Diagnosis and gI antibody dynamics of pseudorabies virus in an intensive pig farm in Hei Longjiang Province

Jintao Wang; Huansheng Han; Wanning Liu; Shinian Li; Donghua Guo

doi:10.4142/jvs.2021.22.e23

. 2021 Mar 5;22(2):e23. doi: 10.4142/jvs.2021.22.e23

Diagnosis and gI antibody dynamics of pseudorabies virus in an intensive pig farm in Hei Longjiang Province

Jintao Wang ^1,², Huansheng Han ^1,², Wanning Liu ¹, Shinian Li ¹, Donghua Guo ^1,^✉

PMCID: PMC8007445 PMID: 33774939

Abstract

Background

Pseudorabies (PR), caused by the pseudorabies virus (PRV), is an endemic disease in some regions of China. Although there are many reports on epidemiological investigations into pseudorabies, information on PRV gI antibody dynamics in one pig farm is sparse.

Objectives

To diagnose PR and analyze the course of PR eradication in one pig farm.

Methods

Ten brains and 1,513 serum samples from different groups of pigs in a pig farm were collected to detect PRV gE gene and PRV gI antibody presence using real-time polymerase chain reaction and enzyme-linked immunosorbent assay, respectively.

Results

The July 2015 results indicated that almost all brain samples were PRV gE gene positive, but PRV gI antibody results in the serum samples of the same piglets were all negative. In the boar herd, from October 2015 to July 2018 three positive individuals were culled in October 2015, and the negative status of the remaining boars was maintained in the following tests. In the sow herd, the PRV gI antibody positive rate was always more than 70% from October 2015 to October 2017; however, it decreased to 27% in January 2018 but increased to 40% and 52% in April and July 2018, respectively. The PRV gI antibody positive rate in 100-day pigs markedly decreased in October 2016 and was maintained at less than 30% in the following tests. For 150-day pigs, the PRV gI antibody positive rate decreased notably to 10% in April 2017 and maintained a negative status from July 2017. The positive trend of PRV gI antibody with an increase in pig age remarkably decreased in three tests in 2018.

Conclusions

The results indicate that serological testing is not sensitive in the early stage of a PRV infection and that gilt introduction is a risk factor for a PRV-negative pig farm. The data on PRV gI antibody dynamics can provide reference information for pig farms wanting to eradicate PR.
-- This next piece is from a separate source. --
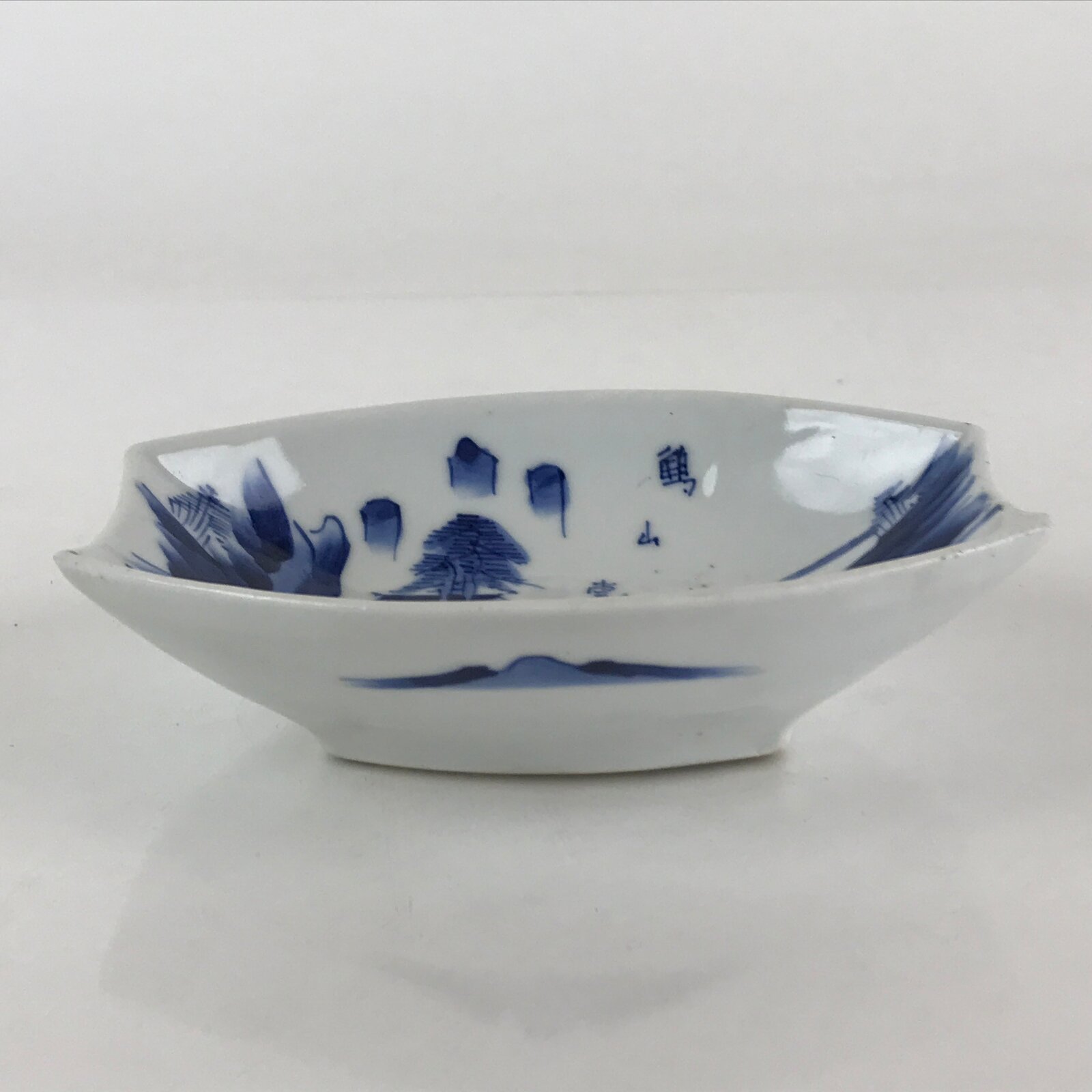 Japanese Porcelain Plate Boat Shape White Sometsuke Blue Sansui Kozara PY200

Keywords: Pseudorabies, diagnosis, antibody, real-time PCR, ELISA

INTRODUCTION

Pseudorabies (PR), also known as Aujeszky's disease, is caused by the pseudorabies virus (PRV). The PRV can cause infection in a broad spectrum of mammals, including ruminants and rodents; however, domestic and wild pigs are the only hosts capable of surviving PRV infection and can serve as reservoirs for the virus [1]. Clinical manifestations in pigs infected by PRV vary from subclinical signs to death. For example, PRV infections may result in nervous system disorders and high mortality in piglets, respiratory symptoms and growth retardation in finishing pigs, and abortions and/or stillbirths in sows [2]. Like other herpesviruses, PRV usually establishes lifetime latent infections in pigs by inducing specific host cells to retain the viral genome. Latency is established mainly in nervous ganglia cells such as the trigeminal ganglia in the head and the sacral ganglia in the lumbar region. PRV replication can reactivate from latently infected cells after host stress or immune system depression; for example, during gestation. Reactivation increases PRV shedding and promotes transmission; thus, latently infected pigs can be a source of reinfection [3,4].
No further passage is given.